I have a some questions about mortise design/layout. I understand that a regular mortise looks like A in the picture below. However, I am designing a shed where the beams will be carrying significant weight. As I understand it there are basically two options for this joint: B) this joint seems unnecessarily complex to layout and cut, and C) this seems like the easiest way to lay this joint out.

Is there any disadvantage to using the joint in C? Why do people use the joint in b, is it just aesthetic?
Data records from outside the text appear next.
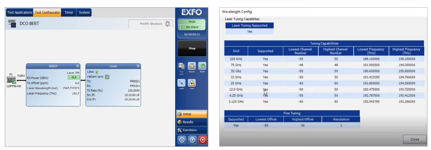
DCO Bert generation and analysis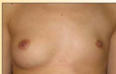
20 year old female who had a benign tumor excision as a child, with agenesis of the left breast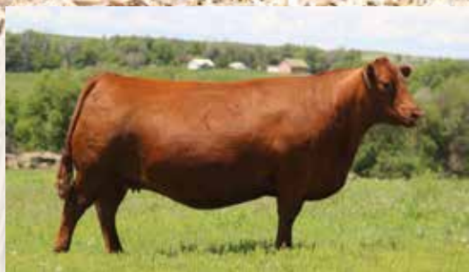
MATERNAL GRAND DAM PIE RUBY 520

Further, I'm intending to vertically align the beams. The following image seems to be the way to do this if I used joint C, is this correct? A few notes on how it seems as though this would be done:
- one tenon seems like it would have to be short to allow the other tenon to pass by it
- one tenon would have to have rabbit to allow the other tenon face to get flush to the post




Any answers to these questions or related comments would be helpful.
Thanks, Mischa

Raphael

I have you joint "C" all over my house as it is square ruled.
  Joint "C" is used when the beam is housed ~½" into the beam, joint "B" would be used where you need more bearing for the beam usually a full inch, possibly more.  The sloped shape allows maximum conservation of fibers in the post and channels load from above more effectively, a 90° reduction of an inch or more at the top of the joint would create a stress point (line).
  In the post diagram, the 'beam' with the shorter tennon is usually a girt (a beam parallel to the joists and most often the same size as the joists) and the one with the longer tennon is a true beam which carries the joists and therefore the majority of the floor load.  Since the girt is narrower it's housing doesn't extend all the way across the post and there isn't need of a rabbet on the beam.
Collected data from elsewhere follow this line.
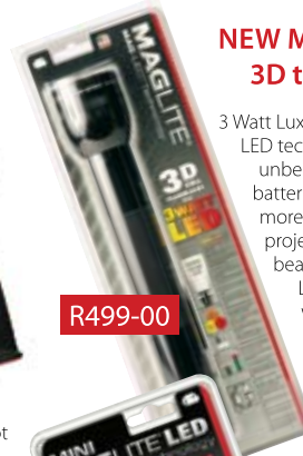
NEW Maglite 3D torch

100W Xenophot bulb. 500,000 Candle power, focus from a Pencil Beam to a Spot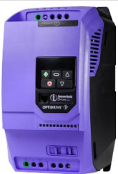
7.5HP VFD for 60GPM Pump Indoor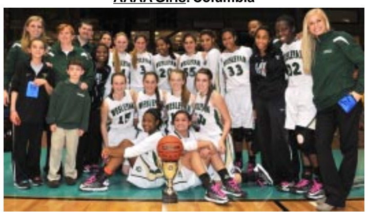
AA Girls: Wesleyan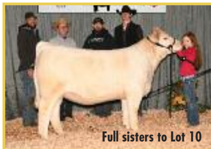
Full sisters to Lot 10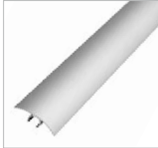
Multi Height T-Bar

  In my house frame the 8x10 Beams are housed to 7.5" measured from the far side of the 8" posts, their tennons are 7-3/8" long and 9.5" deep, measured from the top of beam.  So the housing into my post is as close to ½" as my post is to 8" and any variation from the sawmill doesn't affect my meaurements.  The mortice for the girt extends all the way to the mortice for the beam allowing a 4-3/8" tennon on the girt (enough to hold a 3/4" or 13/16" peg).  My girts are 4.5x7" and my floor joists are 5x7"; the girts are smaller to minimize the housing in the post (more conservation of fibers).  This works because the girts support half the floor load of the joists.
  I'd say the two full housings in your example make that post look really undersized.  You say the shed needs to carry significant weight on the beams, how much weight are we talking about?

What did you use to produce nice 3D drawings?
... he was middle aged,
and the truth hit him like a man with no parachute.
--Godley & Creme

Stihl 066, MS 362 C-M & 24+ feet of Logosol M7 mill

bigmish

Thanks for the response Raphael. I modeled up what I understand you to be saying but it looks a bit off to me, can you look a the following two pictures and tell me if I understood you right?
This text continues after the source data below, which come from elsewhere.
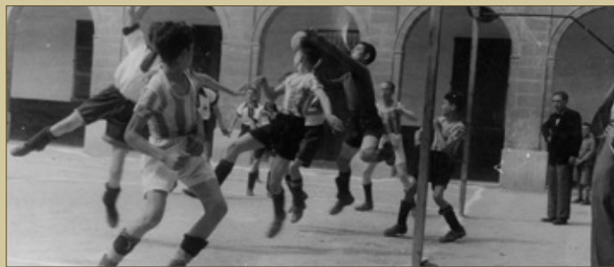
© Consell de Mallorca General Archive, I-77/7. A football match in the men's courtyard.

er for adults (aged 15 to 21) and a third for the elderly (all the rest). When a person was admitted to the poorhouse, they were forced to take a bath and, in the case of the men, to shave their heads. The residents had to wake up at seven o'clock (half past seven in winter), attend mass, and work in the workshops or go to class. The building had shoe, carpentry and printing workshops and a school for boys and girls.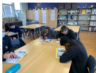
Senior Students participating in the Defensive Driving Course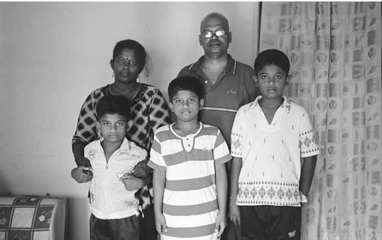
A Sri Lankan family was forced to leave their country after which they were detained and children and the father were separated from their mother.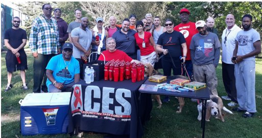
Participants at 3rd Annual HIV Awareness Walk on Sep 16 in Frontier Park.

A logo was selected for the City of Erie's LG-

Note: the second image is too small to read due to the Forum's size restrictions, please see (Links to off site pictures are not allowed) for a larger readable version.






bigmish

Also, in answer to your question, I use sketchup (http://www.sketchup.com/).

It's a really great FREE program that it really well designed and very useful for anyone working in dimensions. It's also very learnable; I was able to understand the program well enough after watching a few video tutorials (also free online) and playing with it for a couple spare hours. I highly recommend it.

.M

Raphael

After looking at you latest picture I realise I got one detail wrong.  The housing for my main beam does extend all the way across the face of the post so there is no reduction at the end of the beam...  Much easier to cut and that much more bearing for the beam.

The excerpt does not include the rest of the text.